All of the listing below must be repeated word for word. Pictures are the only thing to omit.

(DATA SHOWN begins)

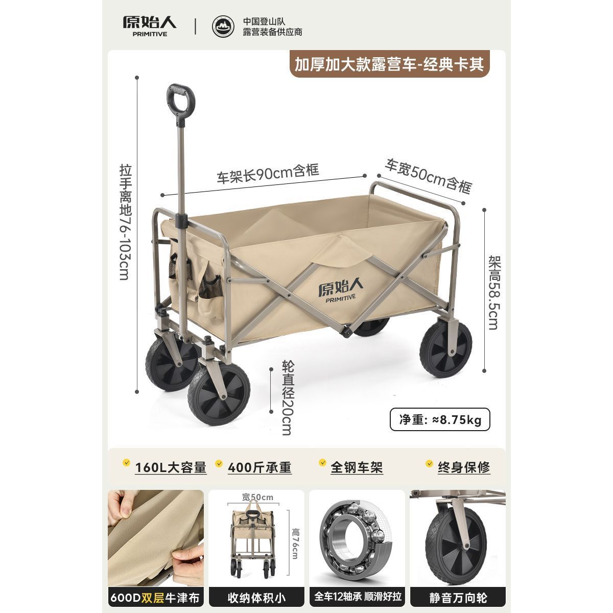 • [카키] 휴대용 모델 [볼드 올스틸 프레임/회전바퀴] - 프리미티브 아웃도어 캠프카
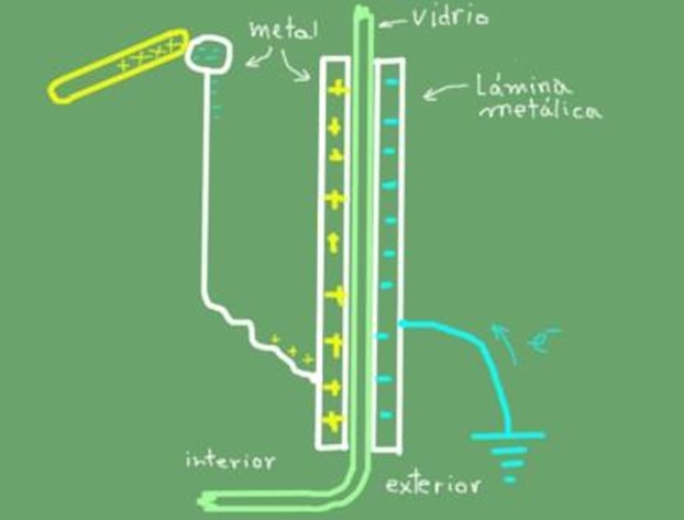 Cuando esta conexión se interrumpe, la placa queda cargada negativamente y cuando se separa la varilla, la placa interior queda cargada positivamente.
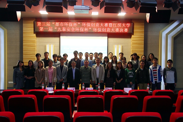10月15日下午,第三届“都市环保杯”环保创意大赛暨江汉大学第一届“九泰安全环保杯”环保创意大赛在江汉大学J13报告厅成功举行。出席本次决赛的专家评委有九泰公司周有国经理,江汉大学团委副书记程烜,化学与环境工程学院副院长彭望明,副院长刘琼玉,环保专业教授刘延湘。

(DATA SHOWN ends)

RESPONSE TO THIS EXERCISE >>
 • [카키] 휴대용 모델 [볼드 올스틸 프레임/회전바퀴] - 프리미티브 아웃도어 캠프카
 Cuando esta conexión se interrumpe, la placa queda cargada negativamente y cuando se separa la varilla, la placa interior queda cargada positivamente.
10月15日下午,第三届“都市环保杯”环保创意大赛暨江汉大学第一届“九泰安全环保杯”环保创意大赛在江汉大学J13报告厅成功举行。出席本次决赛的专家评委有九泰公司周有国经理,江汉大学团委副书记程烜,化学与环境工程学院副院长彭望明,副院长刘琼玉,环保专业教授刘延湘。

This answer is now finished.